**WHAT YOU SHOULD DO:** Reproduce the data below in full and exclude every picture.
Start of COLLECTED DATA
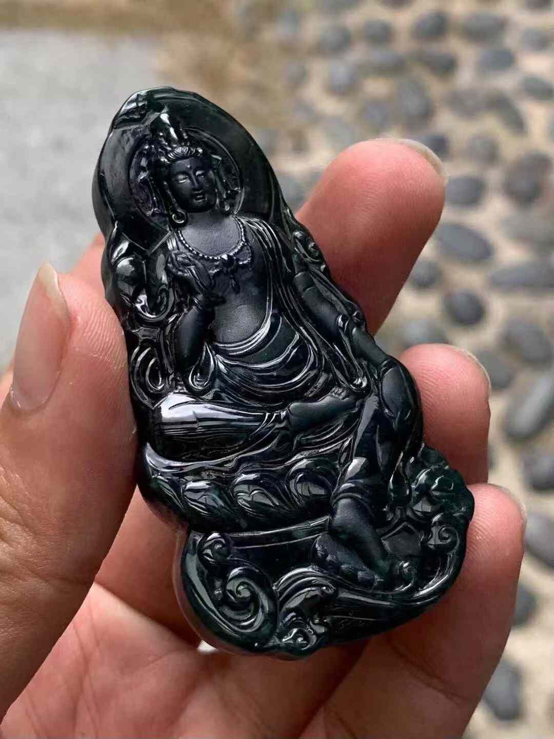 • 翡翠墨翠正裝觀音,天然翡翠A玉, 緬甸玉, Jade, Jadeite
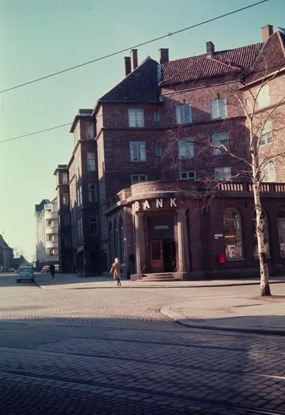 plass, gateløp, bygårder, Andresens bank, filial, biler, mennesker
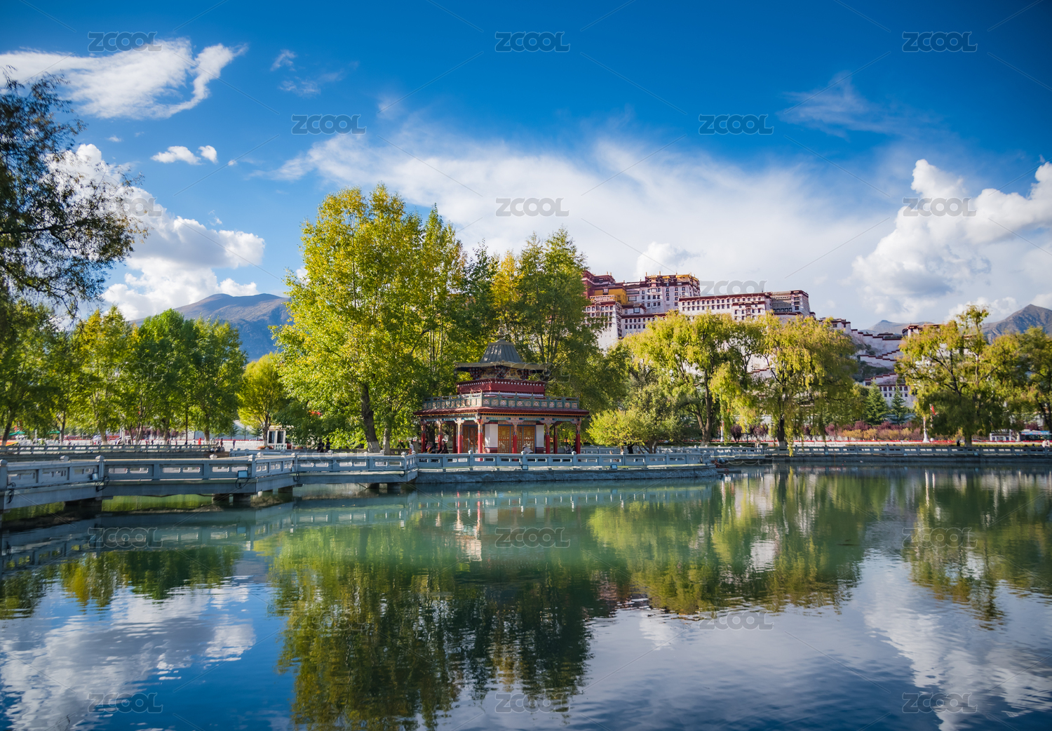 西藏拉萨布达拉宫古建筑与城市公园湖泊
End of COLLECTED DATA
**REPLY TO THE TASK:**
 • 翡翠墨翠正裝觀音,天然翡翠A玉, 緬甸玉, Jade, Jadeite
 plass, gateløp, bygårder, Andresens bank, filial, biler, mennesker
 西藏拉萨布达拉宫古建筑与城市公园湖泊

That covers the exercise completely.